> [DIRECTIONS]:
Repeat, exactly and with no pictures, the lines that run from the beginning of the entries through the line containing "- ⛰️【VERSATILE FOR".

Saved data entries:
§ §

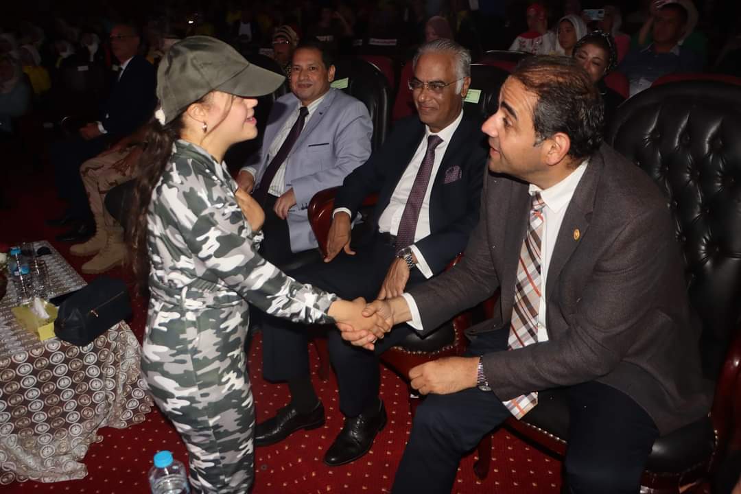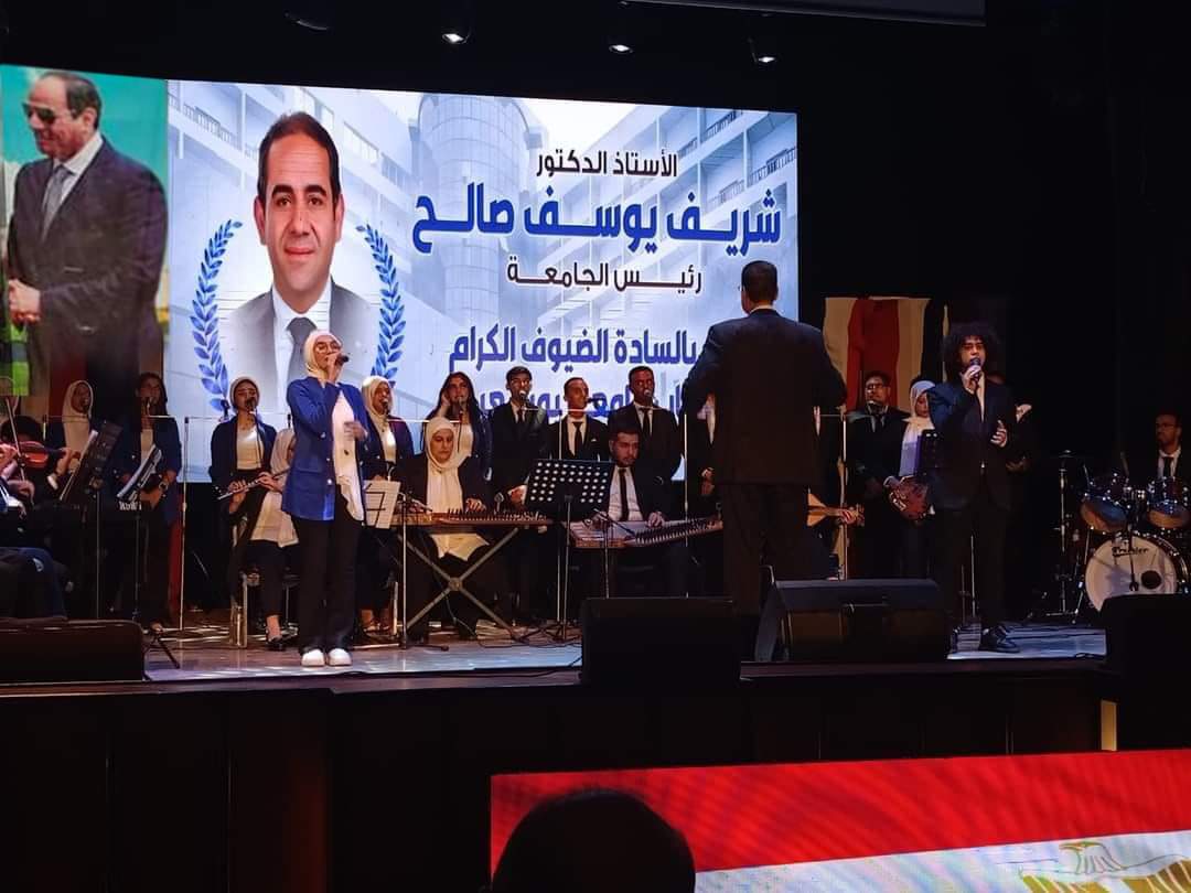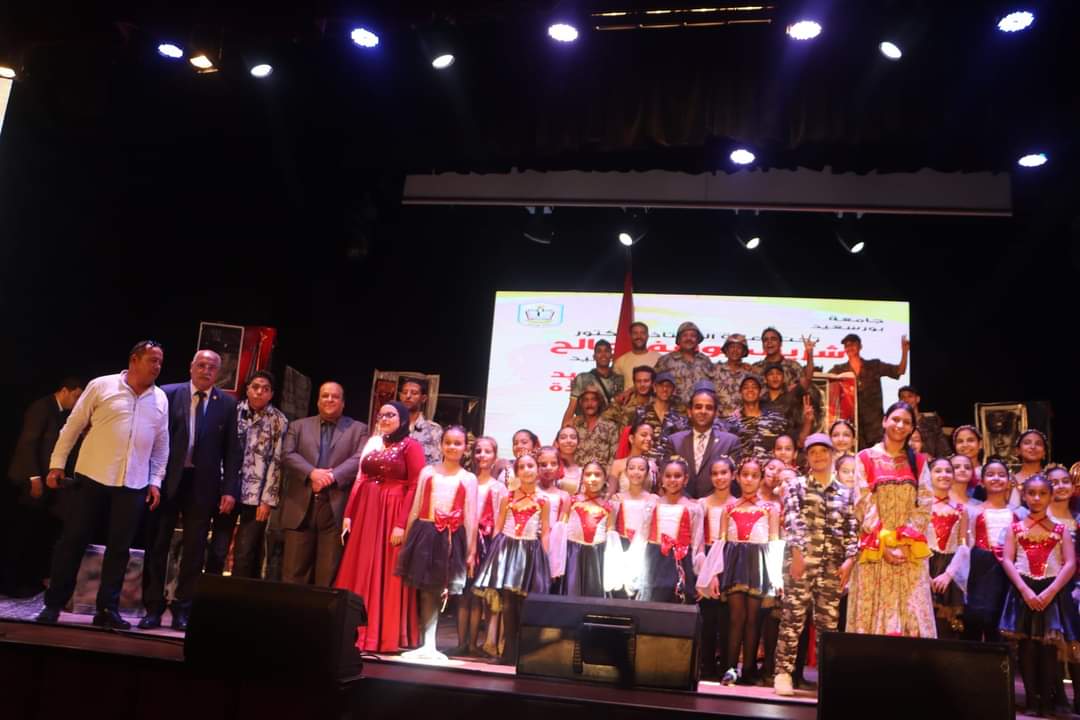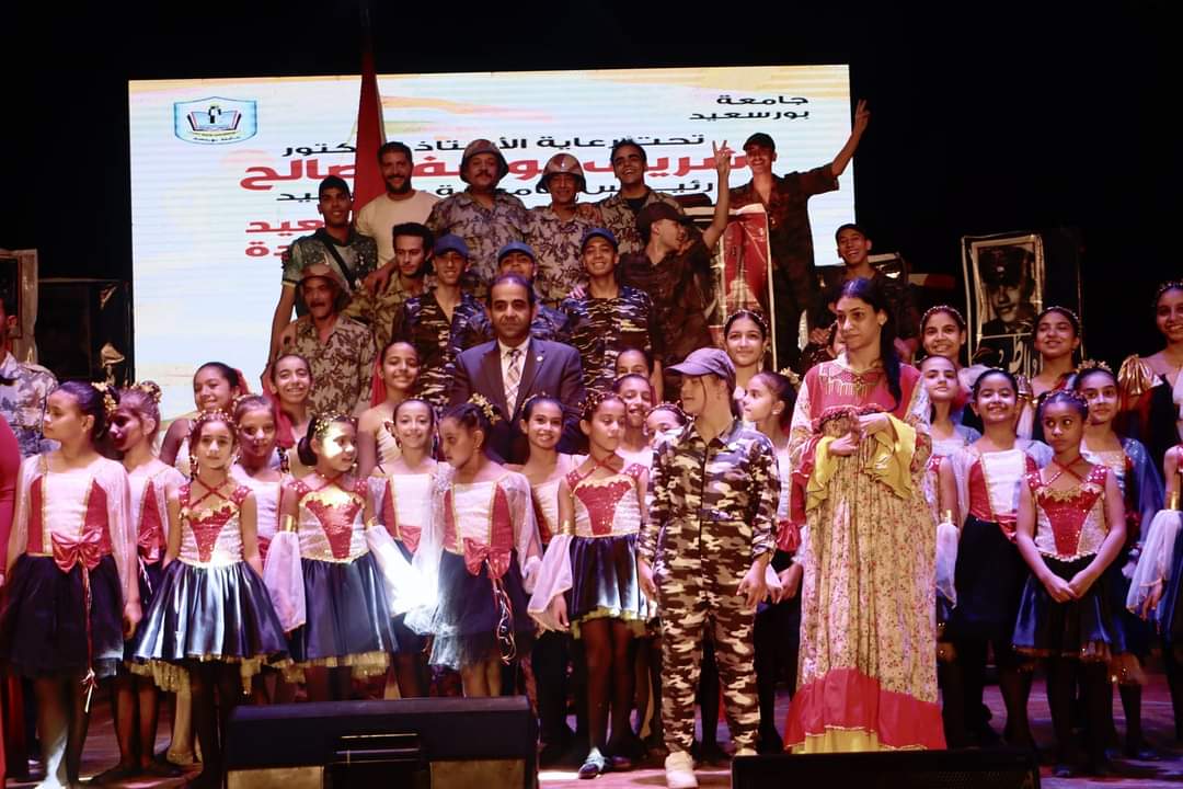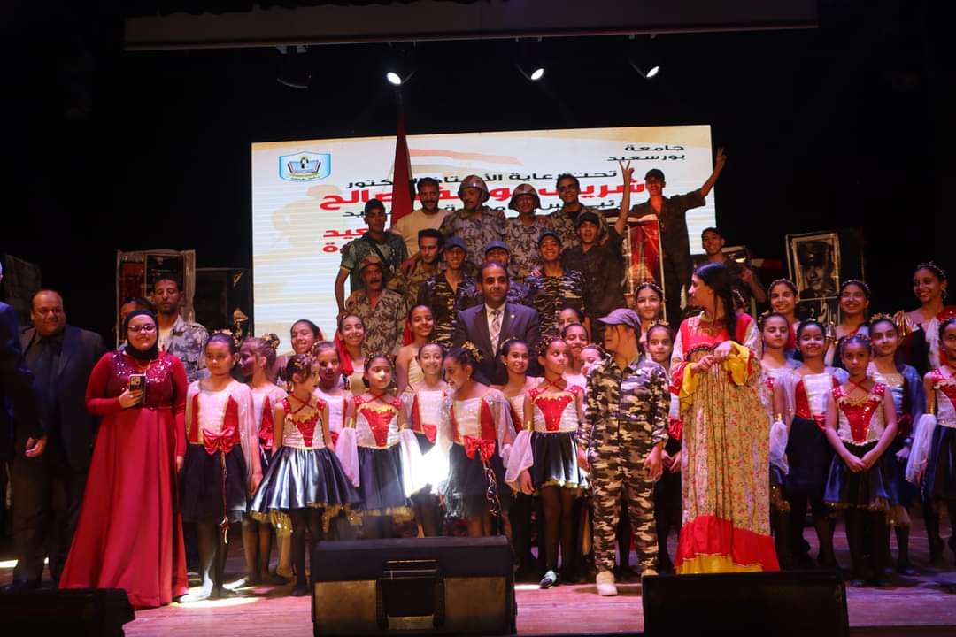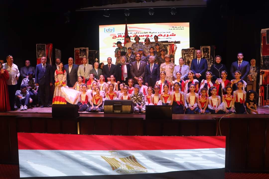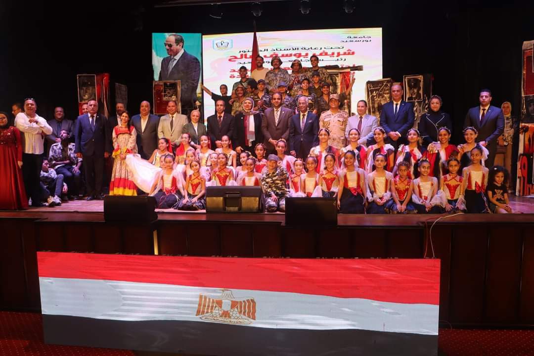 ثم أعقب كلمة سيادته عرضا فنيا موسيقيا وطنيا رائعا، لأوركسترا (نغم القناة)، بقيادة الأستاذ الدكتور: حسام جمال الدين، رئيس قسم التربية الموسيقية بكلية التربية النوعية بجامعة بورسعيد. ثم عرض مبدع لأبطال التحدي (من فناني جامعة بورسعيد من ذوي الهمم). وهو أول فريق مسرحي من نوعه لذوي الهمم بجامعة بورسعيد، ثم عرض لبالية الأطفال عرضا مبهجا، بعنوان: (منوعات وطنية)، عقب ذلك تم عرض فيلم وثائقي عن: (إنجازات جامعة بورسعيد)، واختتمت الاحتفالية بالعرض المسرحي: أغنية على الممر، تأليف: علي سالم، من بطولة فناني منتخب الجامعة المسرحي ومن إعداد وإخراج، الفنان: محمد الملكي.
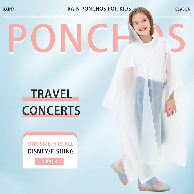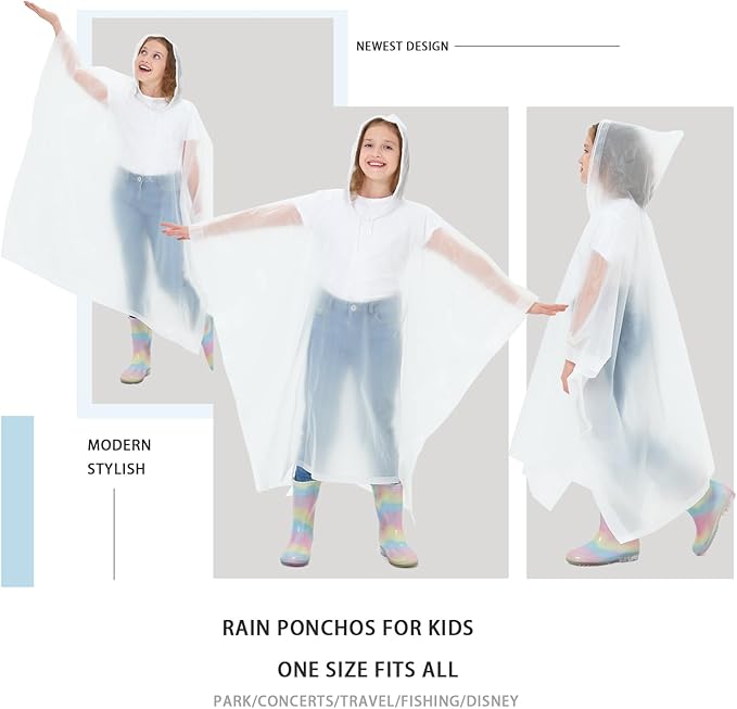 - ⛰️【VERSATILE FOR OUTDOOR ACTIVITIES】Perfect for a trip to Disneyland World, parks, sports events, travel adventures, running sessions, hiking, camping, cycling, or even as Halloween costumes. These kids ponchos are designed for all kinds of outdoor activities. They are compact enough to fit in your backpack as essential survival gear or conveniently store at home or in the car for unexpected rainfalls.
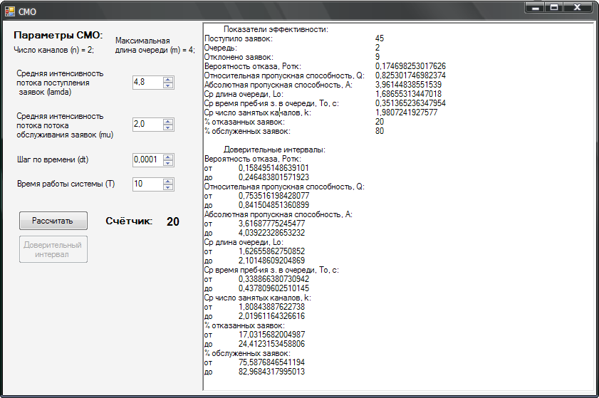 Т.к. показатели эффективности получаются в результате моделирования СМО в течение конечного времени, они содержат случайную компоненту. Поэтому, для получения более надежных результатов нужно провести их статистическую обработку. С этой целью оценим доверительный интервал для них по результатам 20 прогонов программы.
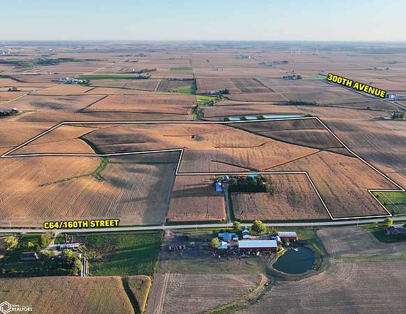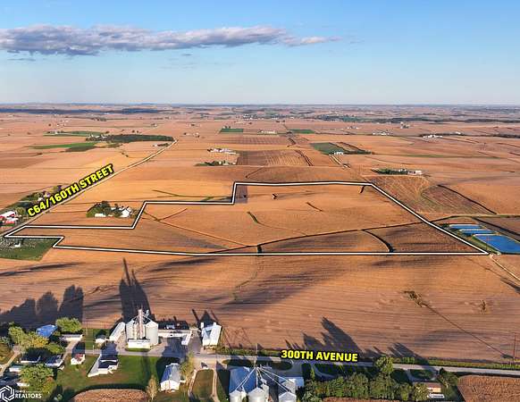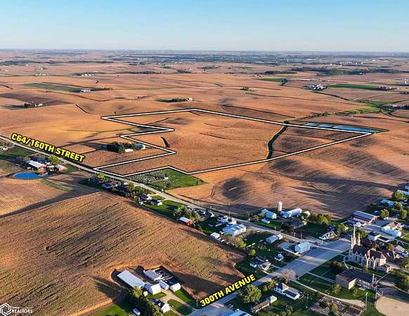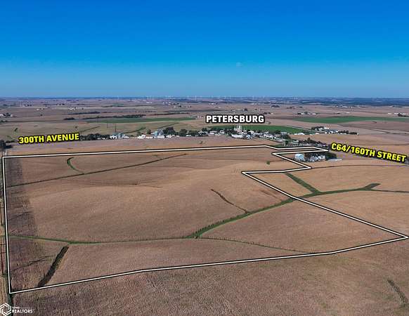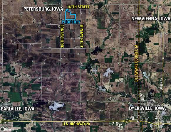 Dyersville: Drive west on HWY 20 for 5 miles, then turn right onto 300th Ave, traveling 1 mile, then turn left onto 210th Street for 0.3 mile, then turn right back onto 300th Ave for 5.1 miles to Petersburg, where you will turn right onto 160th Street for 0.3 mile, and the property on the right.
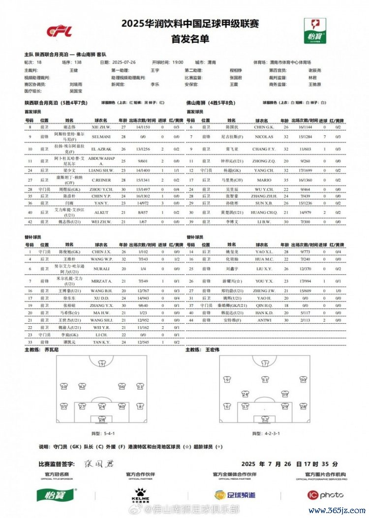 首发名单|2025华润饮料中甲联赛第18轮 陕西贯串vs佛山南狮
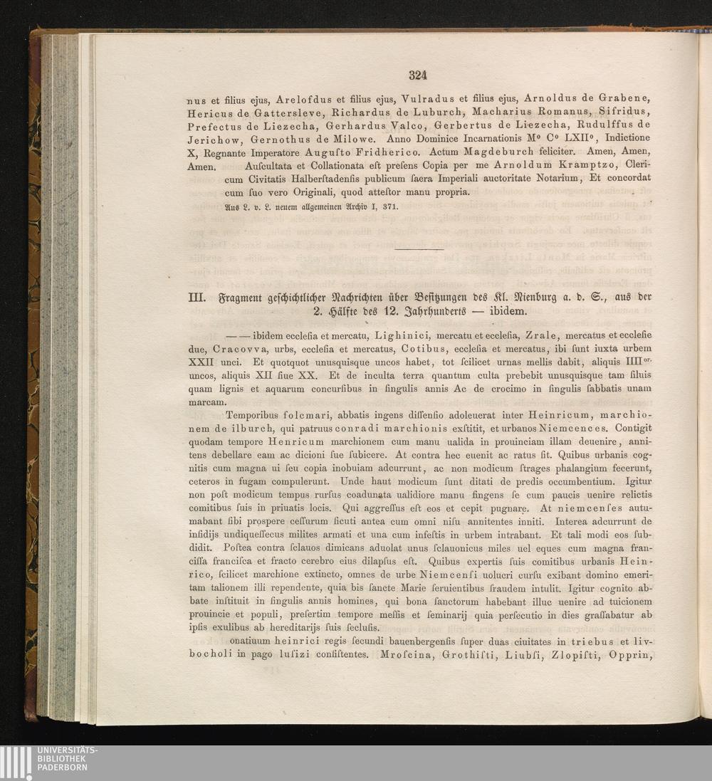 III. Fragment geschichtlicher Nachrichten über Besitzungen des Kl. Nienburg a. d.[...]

§ §

> [PROBLEM SOLUTION]:
 ثم أعقب كلمة سيادته عرضا فنيا موسيقيا وطنيا رائعا، لأوركسترا (نغم القناة)، بقيادة الأستاذ الدكتور: حسام جمال الدين، رئيس قسم التربية الموسيقية بكلية التربية النوعية بجامعة بورسعيد. ثم عرض مبدع لأبطال التحدي (من فناني جامعة بورسعيد من ذوي الهمم). وهو أول فريق مسرحي من نوعه لذوي الهمم بجامعة بورسعيد، ثم عرض لبالية الأطفال عرضا مبهجا، بعنوان: (منوعات وطنية)، عقب ذلك تم عرض فيلم وثائقي عن: (إنجازات جامعة بورسعيد)، واختتمت الاحتفالية بالعرض المسرحي: أغنية على الممر، تأليف: علي سالم، من بطولة فناني منتخب الجامعة المسرحي ومن إعداد وإخراج، الفنان: محمد الملكي.
 - ⛰️【VERSATILE FOR OUTDOOR ACTIVITIES】Perfect for a trip to Disneyland World, parks, sports events, travel adventures, running sessions, hiking, camping, cycling, or even as Halloween costumes. These kids ponchos are designed for all kinds of outdoor activities. They are compact enough to fit in your backpack as essential survival gear or conveniently store at home or in the car for unexpected rainfalls.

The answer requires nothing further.